Lors d’une conférence de presse à laquelle j’avais assisté l’année dernière, Jornet avait évoqué la difficulté de concilier vie de famille et carrière sportive. “Chaque course loin de ma famille est un sacrifice”, avait-il confié. “Mais c’est aussi une source de motivation supplémentaire pour performer et rentrer au plus vite.”
L’évolution de Jim Walmsley : de l’impétuosité à la maîtrise
La victoire de Jim Walmsley au Chianti Ultra Trail marque une nouvelle étape dans l’évolution de ce coureur d’exception. Longtemps connu pour ses départs fulgurants suivis parfois d’effondrements spectaculaires, l’Américain semble avoir trouvé la maturité nécessaire pour gérer parfaitement ses efforts sur longue distance.
J’ai suivi la carrière de Walmsley depuis ses débuts. En 2016, lors de sa première participation à la Western States, il était en route pour pulvériser le record de l’épreuve avant de se perdre au 150ème kilomètre. Cette erreur lui avait coûté la victoire, mais avait révélé son potentiel exceptionnel.
Aujourd’hui, à 35 ans, Walmsley combine toujours cette audace qui fait sa marque de fabrique avec une gestion de course beaucoup plus fine. Sa victoire en Toscane en est la parfaite illustration : un départ rapide, une accélération décisive au moment opportun, et une fin de course parfaitement maîtrisée.

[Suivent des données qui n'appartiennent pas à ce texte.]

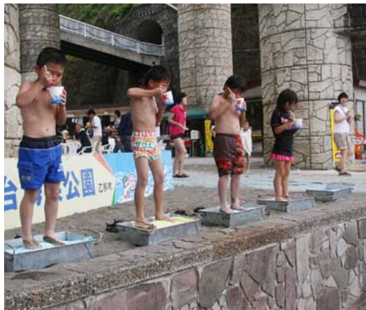
◀昨年の海のプールまつり「かき氷の早食い大会」

地元ではお盆中は何かと忙しい時期ですが、積極的にイベントに参加して、にぎやかで楽しい故郷の夏を満喫してください。
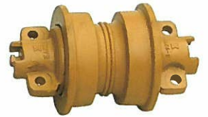
<トラックローラーASSY> 外ツバ (ブルドーザー)
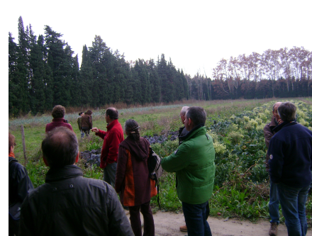
Décembre : JT FetL bio (Rennes)
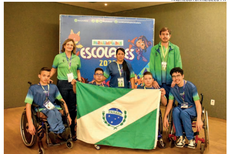
A delegação paranaense é integrada por cerca de 100 pessoas, entre atletas, comissão técnica e staff
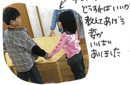
← 手をのびて、どうすればいいか教えてあげると、姿勢もよくなりました。

今日は、はら組さんがホールで初めて、いきなりの本園食生活にお約束をしっかりと守って、はら組さんに見本となって教えてあげました。
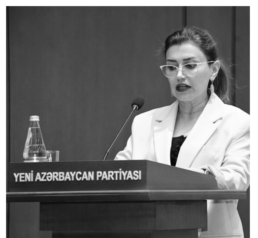
nəfər nümayəndənin seçilməsi barədə qərar qəbul edilib.

L’ascension fulgurante de Vincent Bouillard
Si Walmsley et Jornet sont des figures bien établies de l’ultra-trail mondial, Vincent Bouillard représente la nouvelle génération qui monte en puissance. Le Français, originaire d’Annecy, a créé la surprise en remportant l’UTMB Mont-Blanc en août 2024, devenant ainsi le premier Français à s’imposer sur cette épreuve depuis Xavier Thévenard en 2018.
Sa troisième place au Chianti Ultra Trail confirme que sa victoire à Chamonix n’était pas un coup de chance. Bouillard s’installe durablement parmi l’élite mondiale de la discipline, capable de rivaliser avec les meilleurs sur tous les terrains.
Lors d’un reportage que j’avais réalisé à Annecy l’automne dernier, j’avais été impressionné par la simplicité et la détermination de ce jeune athlète. “Je m’entraîne pour être le meilleur, pas pour faire de la figuration”, m’avait-il confié. Sa performance en Toscane démontre qu’il a les moyens de ses ambitions.
Les implications pour la saison 2025
Cette course d’ouverture de saison nous donne un aperçu de ce que pourrait être la hiérarchie mondiale de l’ultra-trail en 2025. Jim Walmsley semble avoir retrouvé son meilleur niveau et s’affirme comme l’homme à battre. Kilian Jornet, malgré une préparation perturbée par l’arrivée de son troisième enfant, reste compétitif au plus haut niveau. Quant à Vincent Bouillard, il confirme son statut de nouvelle star de la discipline.
La prochaine confrontation entre ces trois champions aura lieu fin juin à la Western States, avant un probable nouveau duel à l’UTMB Mont-Blanc fin août. Ces rendez-vous s’annoncent passionnants pour tous les amateurs d’ultra-trail.
En tant qu’observateur privilégié de ce sport depuis plus d’une décennie, je peux affirmer que nous vivons actuellement un âge d’or de l’ultra-trail. Le niveau de performance ne cesse de s’élever, les courses sont de plus en plus compétitives, et l’intérêt médiatique grandit d’année en année.
L’importance croissante des UTMB World Series
Le succès du Chianti Ultra Trail by UTMB illustre parfaitement la montée en puissance du circuit UTMB World Series, lancé en 2022. Ce circuit, qui comprend plus de 50 courses à travers le monde, a révolutionné l’écosystème de l’ultra-trail en créant un véritable championnat mondial de la discipline.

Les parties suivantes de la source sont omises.